Falling Angels
Falling Angels Credit: Todd Rosenberg

In its eighth year, this octopus of a dance festival has nabbed choice companies both local and national for three nights of programs featuring an oceanic range of dance forms—ballet, contemporary, modern, jazz, and hip-hop. As usual, all shows are free; also as usual, tickets are long gone, though you can still catch programs at Millennium Park.

On Wednesday at the Harris Theater, “Classics and Creations” offers Kyle Abraham‘s Counterpoint. Tender and ebullient, the work was planned as a collaboration with DJ Rashad before the hip-hop producer and footwork impresario overdosed in April. But Abraham has a talent for layering the personal—in this case, a tragic death—into emotionally ugly yet graceful modern dance. In one weird and riveting image, Emily Leriche lunges forward and turns her torso to watch her hand caress her Achilles tendon, then jams down ruthlessly on her calf as if to crush it. The powerhouse program, which will screen simultaneously at Pritzker Pavilion, also features works from Hubbard Street, Joffrey Ballet, Martha Graham Dance Company, and traveling troupe Stars of American Ballet.

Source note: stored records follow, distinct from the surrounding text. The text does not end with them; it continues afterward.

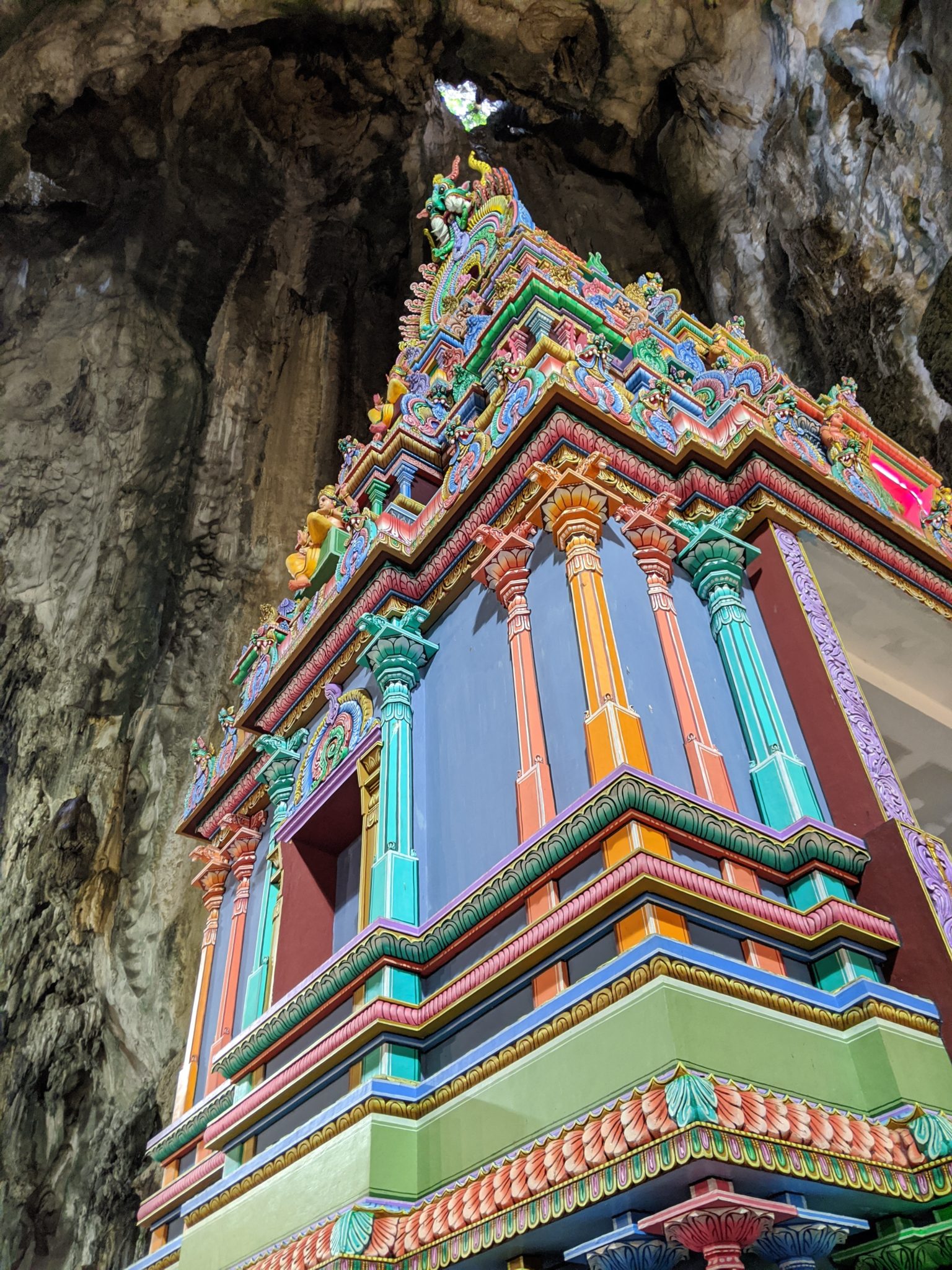 Once at the top, the stairs open up to this massive cave complex. I’m amazed to see that inside of the cave a pretty elaborate temple that is just as colourful as the stairs themselves. I take a little time to wander through the cave and appreciate what it must have taken for the original builders of the temple to actually build it. At the far end of the cave is another set of stairs which leads to an open part of the cave. You can no longer go any further since the cave ends. But the top is open to the sky and its a neat inversion to the first cave.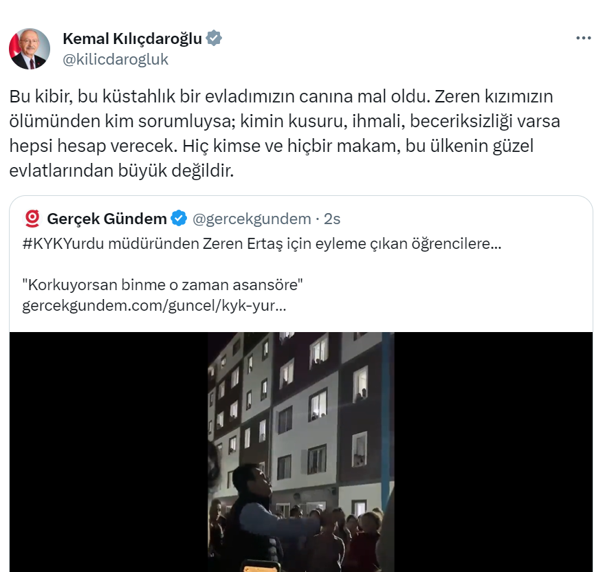 Kılıçdaroğlu paylaşımında “Bu kibir, bu küstahlık bir evladımızın canına mal oldu. Zeren kızımızın ölümünden kim sorumluysa; kimin kusuru, ihmali, beceriksizliği varsa hepsi hesap verecek. Hiç kimse ve hiçbir makam, bu ülkenin güzel evlatlarından büyük değildir” ifadelerine yer verdi.
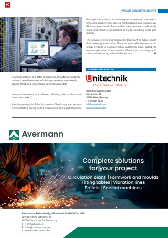 PRECAST CONCRETE ELEMENTSwww.cpi-worldwide.com CPI %u2013 Concrete Plant International %u2013 5 | 2025 165time, on-site teams are relieved, allowing them to focus on their core tasks.%u201dA striking example of the Automation Check-up%u2019s success was demonstrated during its first deployment at a logistics facility: through the analysis and subsequent measures, the downtime of a stacker crane due to malfunctions was reduced by 94 hours per month. This enabled the customer to efficiently store and retrieve an additional 4,215 handling units per month.The service is aimed at companies that want to future-proof their existing automation. The concept%u2019s effectiveness is already evident in practice: many customers have opted for regular execution of Automation Check-ups - a strong indication of the lasting value of this service. nFURTHER INFORMATIONUnitechnik Systems GmbH Fritz-Kotz-Str. 14 51674 Wiehl, Germany T +49 2261 9870 info@unitechnik.comwww.unitechnik.comA precise before-and-after comparison of system availability makes it possible to see which improvements are already taking effect and where there is further potential.Complete solutions for your projectCirculation plant | Formwork and moulds Tilting tables | Vibration lines Pallets | Special machinesAvermann Betonfertigteiltechnik GmbH & Co. KGLengericher Landstr. 35 49078 Osnabr%u00fcck %u25a0 GermanyT + 49 5405 505-0 E info@avermann.de I www.avermann.de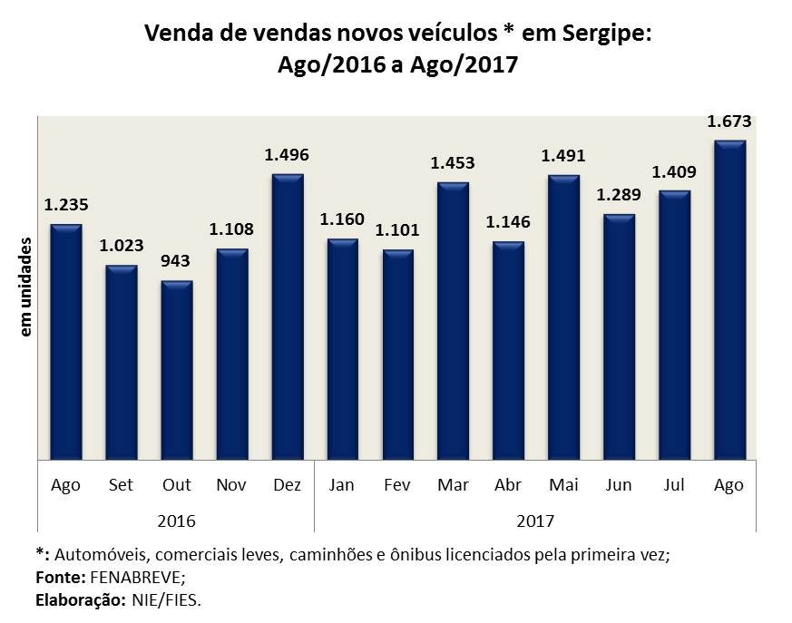 Análise realizada pelo Boletim Sergipe Econômico, parceria do Núcleo de Informações Econômicas (NIE) da Federação das Indústrias do Estado de Sergipe (FIES) e do Departamento de Economia da UFS, com base nos dados da Federação Nacional da Distribuição de Veículos Automotores (FENABRAVE), indicou que as vendas de veículos novos no estado totalizaram 1.673 unidades, no oitavo mês do ano.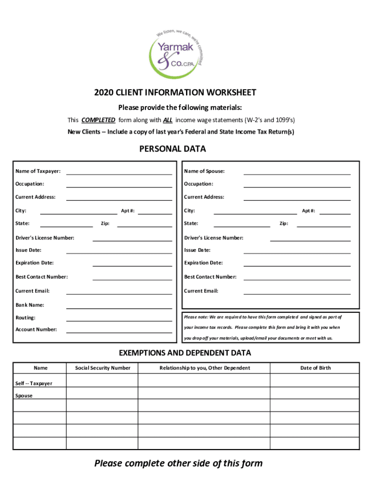 2020 CLIENT INFORMATION WORKSHEET Please provide the following materials: This COMPLETED form along with ALL income wage statements (W2's and 1099's) New Clients Include a copy of last year's Federal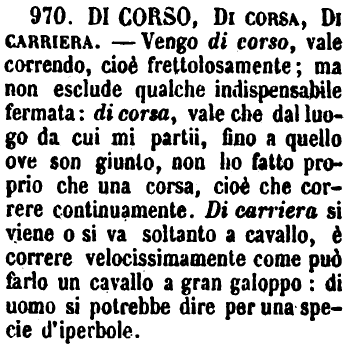 | Di corso, Di corsa, Di carriera - Vengo di corso, vale correndo, cioè frettolosamente; ma non esclude qualche indispensabile fermata: di corsa, vale che dal luogo da cui mi partii, fino a quello ove son giunto, non ho fatto proprio che una corsa, cioè che correre continuamente. Di carriera si viene o si va soltanto a cavallo, è correre velocissimamente come può farlo un cavallo a gran galoppo: di uomo si potrebbe dire per una specie di iperbole. [immagine] |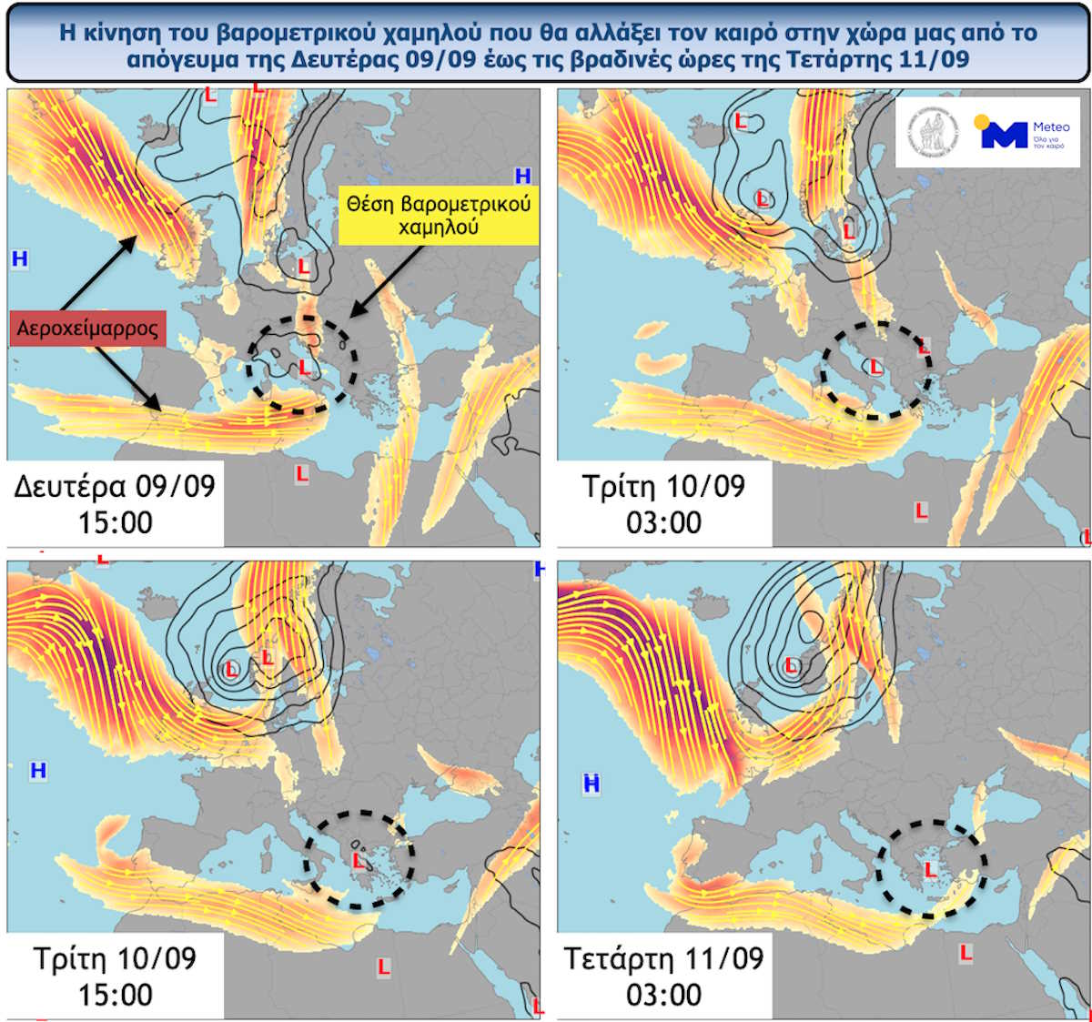 Υπενθυμίζεται ότι, ο αεροχείμαρρος είναι ένα ισχυρό ρεύμα αέρα σε ύψος περίπου 10-11 χιλιομέτρων από την επιφάνεια της γης με κίνηση κατά βάση από τα δυτικά προς τα ανατολικά και η κίνηση του καθορίζει την δημιουργία και τη κίνηση των βαρομετρικών συστημάτων. Η ανατολική – νοτιοανατολική κίνηση του βαρομετρικού χαμηλού από την περιοχή της Ιταλίας προς τα Νότια Βαλκάνια και τη χώρα μας κατά τη διάρκεια της Δευτέρας 09/09 θα έχει ως αποτέλεσμα την σταδιακή αλλαγή του καιρού από τα δυτικά της χώρας μας με βροχές και καταιγίδες.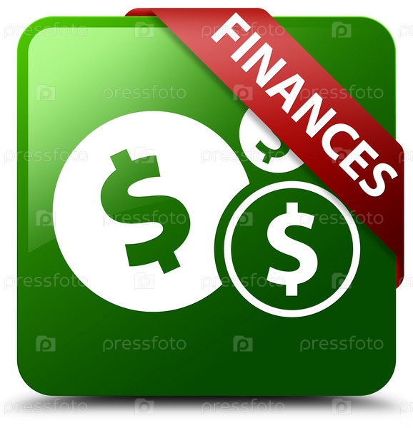 Финансы (знак доллара) зеленая квадратная кнопка красная лента в углу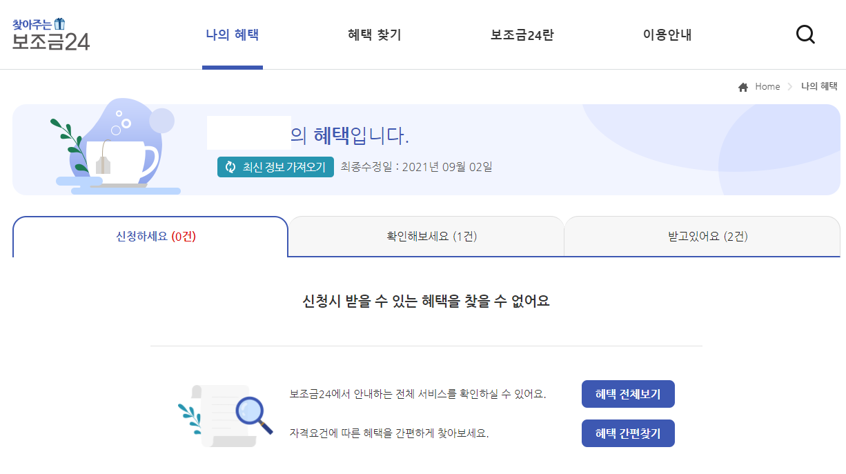 만약에 받고 있는 혜택들이 있다면 받고 있는 혜택에서 확인하실 수 있습니다.

“Dances for 2,” at the MCA for two shows on Friday, includes Ron De Jesus‘s festival-commissioned work Transition Zone, written for spectacular male duo the Nexus Project. No matter what they’re dancing, Benjamin Wardell and Michel Rodriguez Cintra unfold in a fastidious and complicated chain reaction. Here they tick and tock, circle to meet like hands of a clock, recombine and roll out in long sweeping arcs. When the dance softens, they stretch their necks through their legs like taffy—or one of Salvador Dalí’s melting clocks.

Saturday night’s “Celebration of Dance” at Pritzker Pavilion is as close as we get to a dedicated Chicago program. The Joffrey Ballet presents Twyla Tharp’s Nine Sinatra Songs, and Hubbard Street reprises Falling Angels, Jiří Kylián’s frenetic, unnerving piece for eight women, accompanied by Third Coast Percussion’s redoubtable drumming. Darrell Moultrie’s festival-commissioned Cyclic Connections, performed by 20 talented teenagers from After School Matters, mixes ballet, modern, and hip-hop with Moultrie’s signature high-flung patterning. Amazingly, his reckless abandon as he propels dancers through space registers as poise.